INSTRUCTIONS TO FOLLOW: An exact reprint of every record below is required, with the pictures left out.

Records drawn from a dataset

- - -

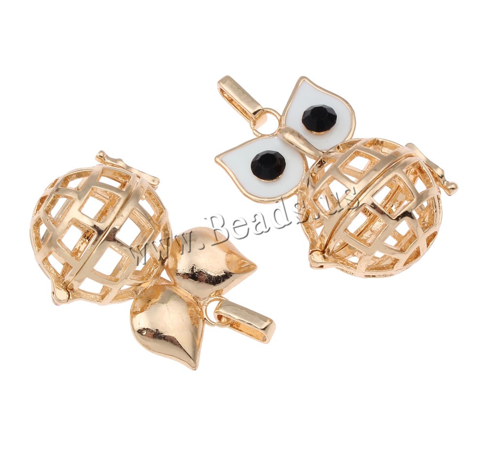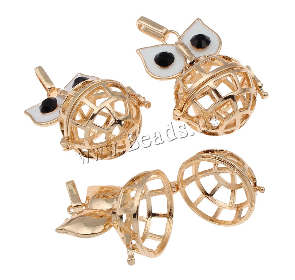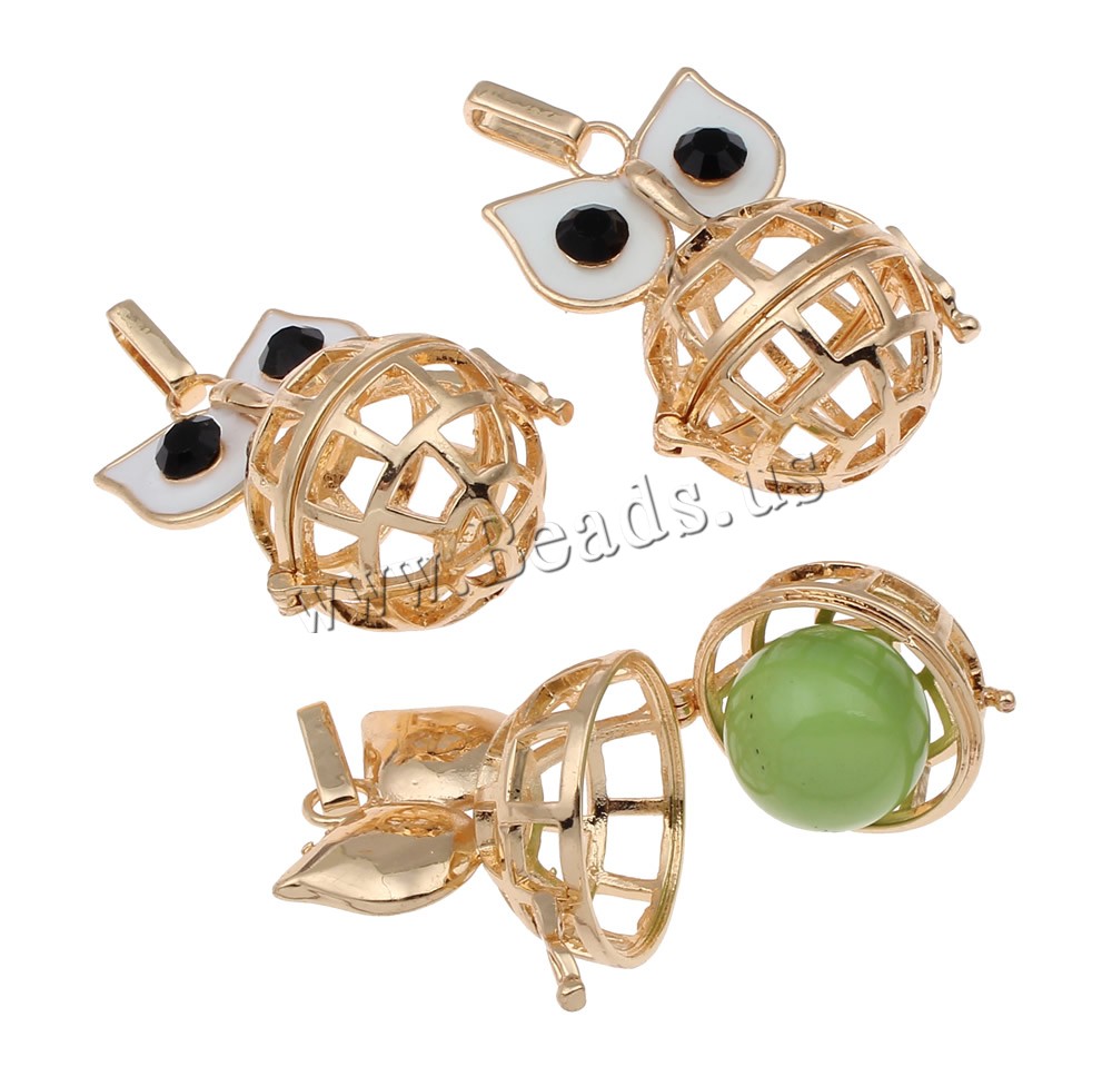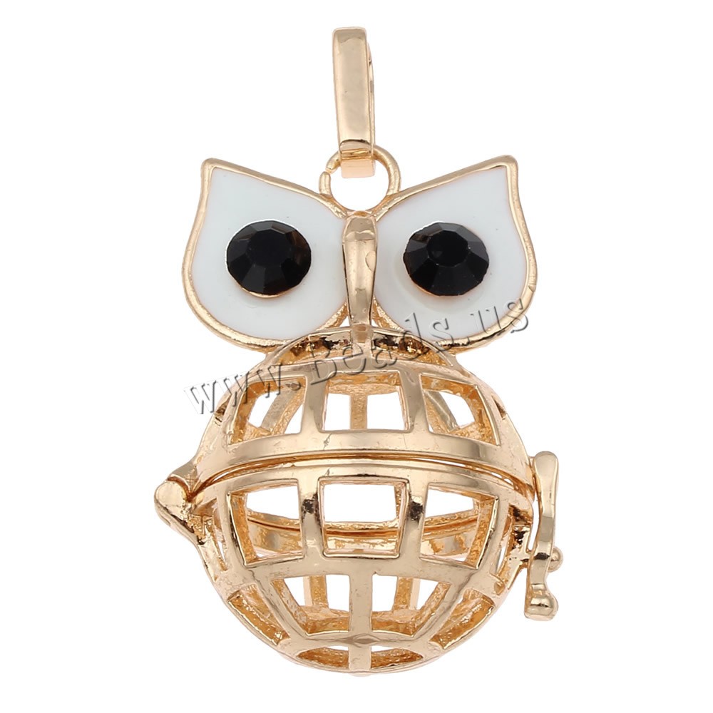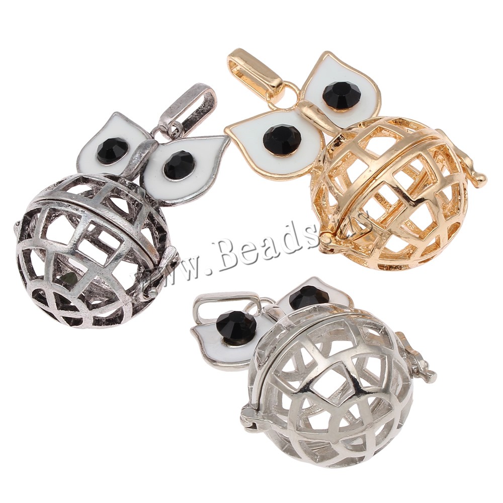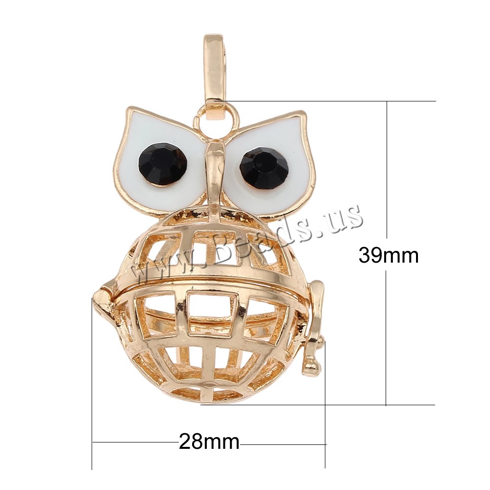 Pendente sfera Bola, ottone, Gufo, placcato, smalto & con strass & cavo, nessuno, assenza di piombo & cadmio, 28x39x24mm, Foro:Appross. 3x8mm, Venduto da PC
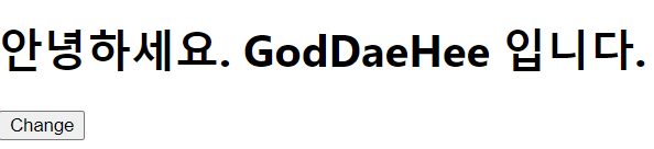 - Change 버튼을 클릭 하면 console.log에 값이 찍히는 것을 볼 수 있지만, 화면출력은 변경되지 않는다.
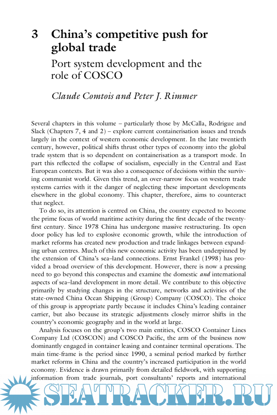 Year: 2004 Language: english Author: Edited by David Pinder and Brian Slack Genre: Research papers Publisher: Routledge Edition: 1st ISBN: 0-203-57119-3 Format: PDF Quality: OCR without errors Pages count: 304 Description: Shipping and port systems are vital to societies and lifestyles around the world. In the late twentieth century, however, assumptions concerning the robustness of these systems were severely shaken by economic shocks largely triggered by oil crises. This volume explores the resolution of many of the consequent uncertainties, and how adapted systems have been shaped to meet the challenges of the new millennium, focusing particularly on three closely interrelated themes: globalisa- tion, technological change and the environment. Contributors examine subjects as diverse as: • economic integration of emerging economies – in particular China • the cruise tourism phenomenon and global integration • new conceptual perspectives on port and shipping development • technological drivers in the high-speed ferry and offshore oil industries • pollution management challenges for shipping and ports.
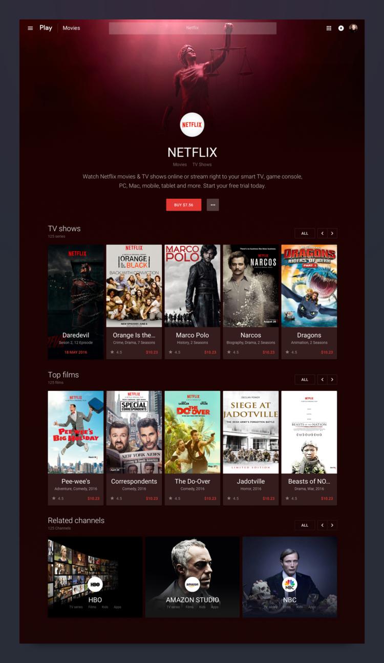 We wanted to create a system where you could keep up with your favourite TV channels on your device via Google Play. From Netflix to NBC, you can easily subscribe to any TV channel to access all its films and shows.
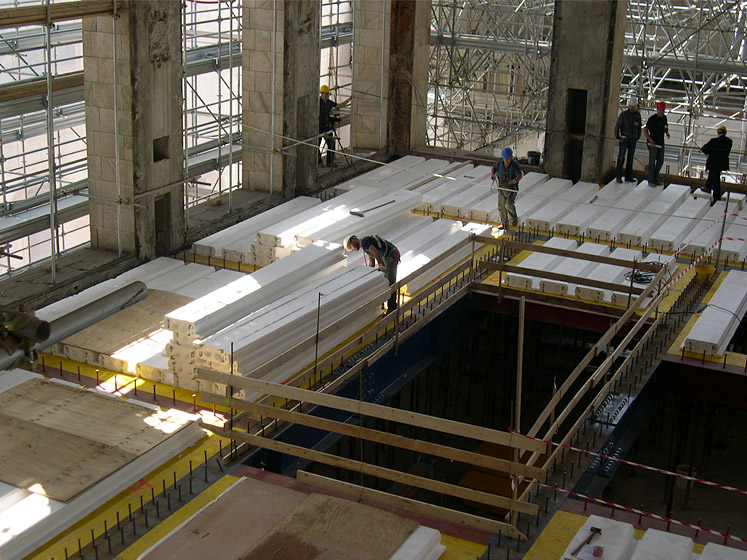 I pannelli cassero in EPS sono stati movimentati manualmente garantendo non solo velocità di posa e controllo dei costi ma soprattutto ampi margini di sicurezza in cantiere; infatti la direzione dei lavori e la direzione di cantiere non prescindono da un forte impegno su queste tematiche considerando la sicurezza in cantiere presupposto fondamentale nella scelta di tutti i materiali impiegati. La posa del solaio è semplice grazie alla sua leggerezza e alla versalità di posa, ed è estremamente adattabile a qualsiasi dimensione perché con poche e semplici operazioni si può tagliare a misura. Altra caratteristica determinante nella scelta di pannelli cassero in EPS per solai è la resistenza al fuoco degli elementi in opera che può essere certificata Rei 180".
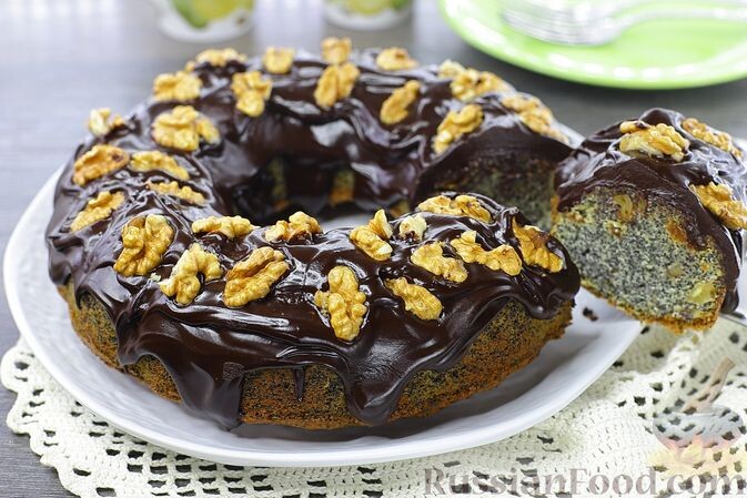 - Маковый кекс с орехами и изюмом – идеальный вариант для любителей сладостей. Этот кекс с насыщенной шоколадной глазурью и обильной начинкой из изюма и орехов станет гвоздем праздничного стола и оригинальным лакомством в любой день.
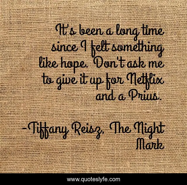 This page presents the quote "It's been a long time since I felt something like hope. Don't ask me to give it up for Netflix and a Prius.". Author of this quote is Tiffany Reisz, The Night Mark. .
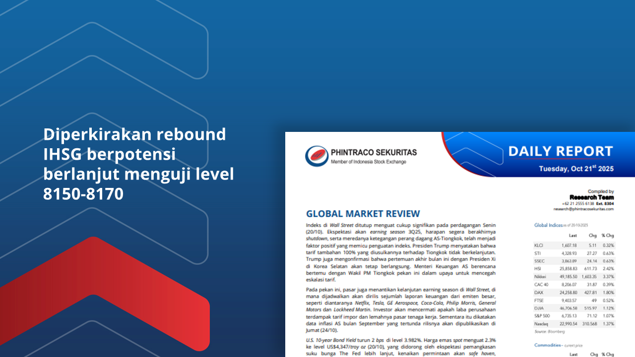 Ekspektasi akan earning season 3Q25, harapan segera berakhirnya shutdown, serta meredanya ketegangan perang dagang AS-Tiongkok, telah menjadi faktor positif.
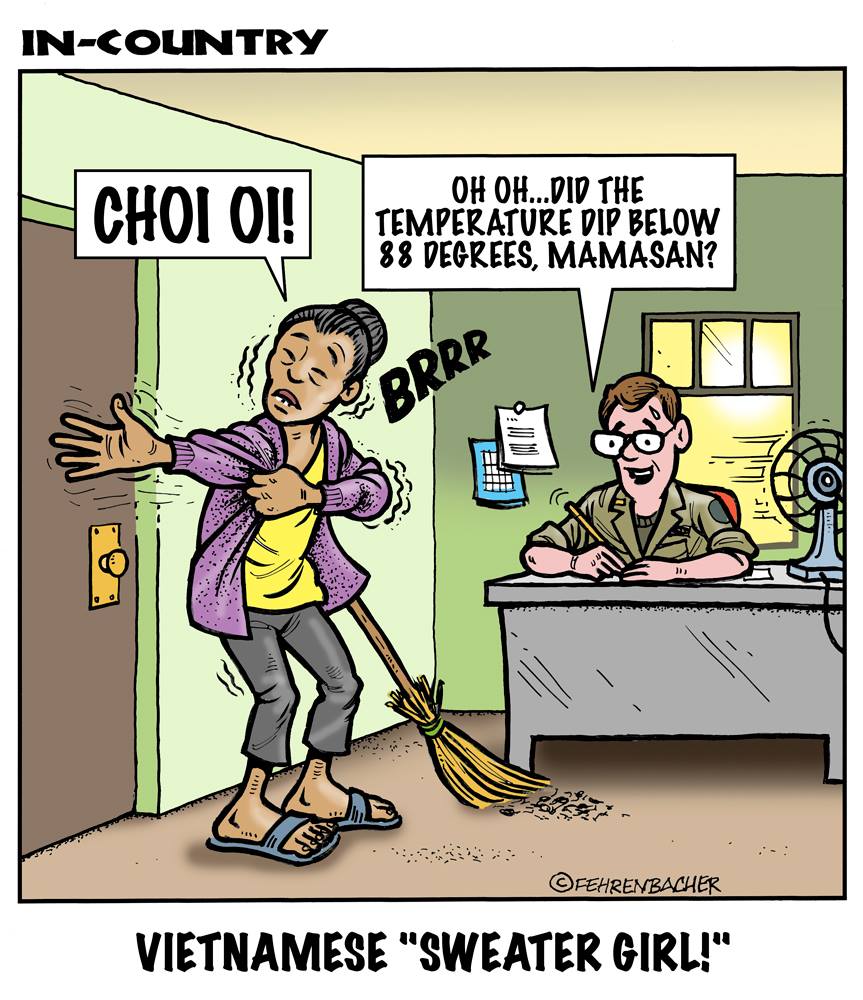Phil enlisted in the Army in 1965 where you served for years in Vietnam. He became a graphic designer and has worked for the state of Oregon for 26 years. He retired in 2003 and started the Cartoon "In-Country". The cartoons reflect his experiences during his tour of duty in South Vietnam.
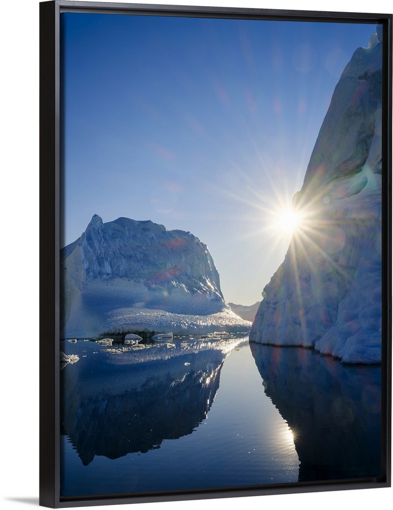 <p>Landscape with icebergs in the Sermilik (Sermiligaaq) Icefjord in East Greenland. Ammassalik, Danish Territory.</p>
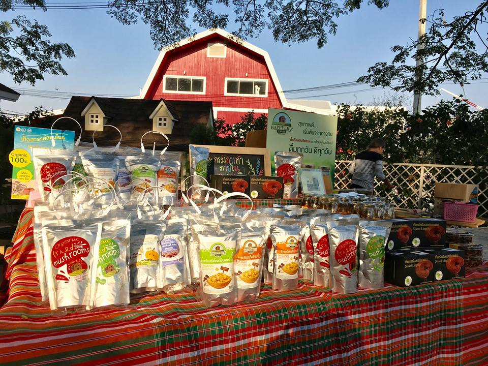อนึ่ง ผลิตภัณฑ์เดิมภายใต้แบรนด์ HAPPYLIFE FARM ประกอบไปด้วย เห็ดทอด 2 รสชาติ ได้แก่ เห็ดสวรรค์ และเห็ดปรุงรสสมุนไพร ,ข้าวเกรียบเห็ดโคนญี่ปุ่น 3 รสชาติ ได้แก่ รสออริจินอล หรือดั้งเดิม ,รสบาร์บีคิว และรสสาหร่ายวาซาบิ โดยมีจุดเด่นอยู่ที่การมีเห็ดเป็นส่วนประกอบประมาณ 70% ของข้าวเกรียบ
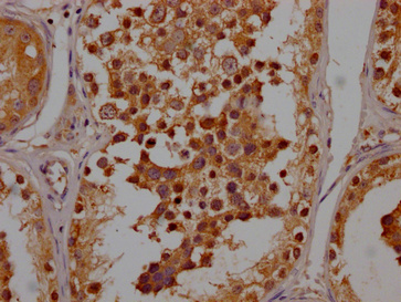 IHC image of CSB-PA843275LA01HU diluted at 1:200 and staining in paraffin-embedded human testis tissue performed on a Leica BondTM system. After dewaxing and hydration, antigen retrieval was mediated by high pressure in a citrate buffer (pH 6.0). Section was blocked with 10% normal goat serum 30min at RT. Then primary antibody (1% BSA) was incubated at 4°C overnight. The primary is detected by a Goat anti-rabbit polymer IgG labeled by HRP and visualized using 0.05% DAB.

- - -

OUTPUT OF THE EXERCISE:
 Pendente sfera Bola, ottone, Gufo, placcato, smalto & con strass & cavo, nessuno, assenza di piombo & cadmio, 28x39x24mm, Foro:Appross. 3x8mm, Venduto da PC
 - Change 버튼을 클릭 하면 console.log에 값이 찍히는 것을 볼 수 있지만, 화면출력은 변경되지 않는다.
 Year: 2004 Language: english Author: Edited by David Pinder and Brian Slack Genre: Research papers Publisher: Routledge Edition: 1st ISBN: 0-203-57119-3 Format: PDF Quality: OCR without errors Pages count: 304 Description: Shipping and port systems are vital to societies and lifestyles around the world. In the late twentieth century, however, assumptions concerning the robustness of these systems were severely shaken by economic shocks largely triggered by oil crises. This volume explores the resolution of many of the consequent uncertainties, and how adapted systems have been shaped to meet the challenges of the new millennium, focusing particularly on three closely interrelated themes: globalisa- tion, technological change and the environment. Contributors examine subjects as diverse as: • economic integration of emerging economies – in particular China • the cruise tourism phenomenon and global integration • new conceptual perspectives on port and shipping development • technological drivers in the high-speed ferry and offshore oil industries • pollution management challenges for shipping and ports.
 We wanted to create a system where you could keep up with your favourite TV channels on your device via Google Play. From Netflix to NBC, you can easily subscribe to any TV channel to access all its films and shows.
 I pannelli cassero in EPS sono stati movimentati manualmente garantendo non solo velocità di posa e controllo dei costi ma soprattutto ampi margini di sicurezza in cantiere; infatti la direzione dei lavori e la direzione di cantiere non prescindono da un forte impegno su queste tematiche considerando la sicurezza in cantiere presupposto fondamentale nella scelta di tutti i materiali impiegati. La posa del solaio è semplice grazie alla sua leggerezza e alla versalità di posa, ed è estremamente adattabile a qualsiasi dimensione perché con poche e semplici operazioni si può tagliare a misura. Altra caratteristica determinante nella scelta di pannelli cassero in EPS per solai è la resistenza al fuoco degli elementi in opera che può essere certificata Rei 180".
 - Маковый кекс с орехами и изюмом – идеальный вариант для любителей сладостей. Этот кекс с насыщенной шоколадной глазурью и обильной начинкой из изюма и орехов станет гвоздем праздничного стола и оригинальным лакомством в любой день.
 This page presents the quote "It's been a long time since I felt something like hope. Don't ask me to give it up for Netflix and a Prius.". Author of this quote is Tiffany Reisz, The Night Mark. .
 Ekspektasi akan earning season 3Q25, harapan segera berakhirnya shutdown, serta meredanya ketegangan perang dagang AS-Tiongkok, telah menjadi faktor positif.
Phil enlisted in the Army in 1965 where you served for years in Vietnam. He became a graphic designer and has worked for the state of Oregon for 26 years. He retired in 2003 and started the Cartoon "In-Country". The cartoons reflect his experiences during his tour of duty in South Vietnam.
 <p>Landscape with icebergs in the Sermilik (Sermiligaaq) Icefjord in East Greenland. Ammassalik, Danish Territory.</p>
อนึ่ง ผลิตภัณฑ์เดิมภายใต้แบรนด์ HAPPYLIFE FARM ประกอบไปด้วย เห็ดทอด 2 รสชาติ ได้แก่ เห็ดสวรรค์ และเห็ดปรุงรสสมุนไพร ,ข้าวเกรียบเห็ดโคนญี่ปุ่น 3 รสชาติ ได้แก่ รสออริจินอล หรือดั้งเดิม ,รสบาร์บีคิว และรสสาหร่ายวาซาบิ โดยมีจุดเด่นอยู่ที่การมีเห็ดเป็นส่วนประกอบประมาณ 70% ของข้าวเกรียบ
 IHC image of CSB-PA843275LA01HU diluted at 1:200 and staining in paraffin-embedded human testis tissue performed on a Leica BondTM system. After dewaxing and hydration, antigen retrieval was mediated by high pressure in a citrate buffer (pH 6.0). Section was blocked with 10% normal goat serum 30min at RT. Then primary antibody (1% BSA) was incubated at 4°C overnight. The primary is detected by a Goat anti-rabbit polymer IgG labeled by HRP and visualized using 0.05% DAB.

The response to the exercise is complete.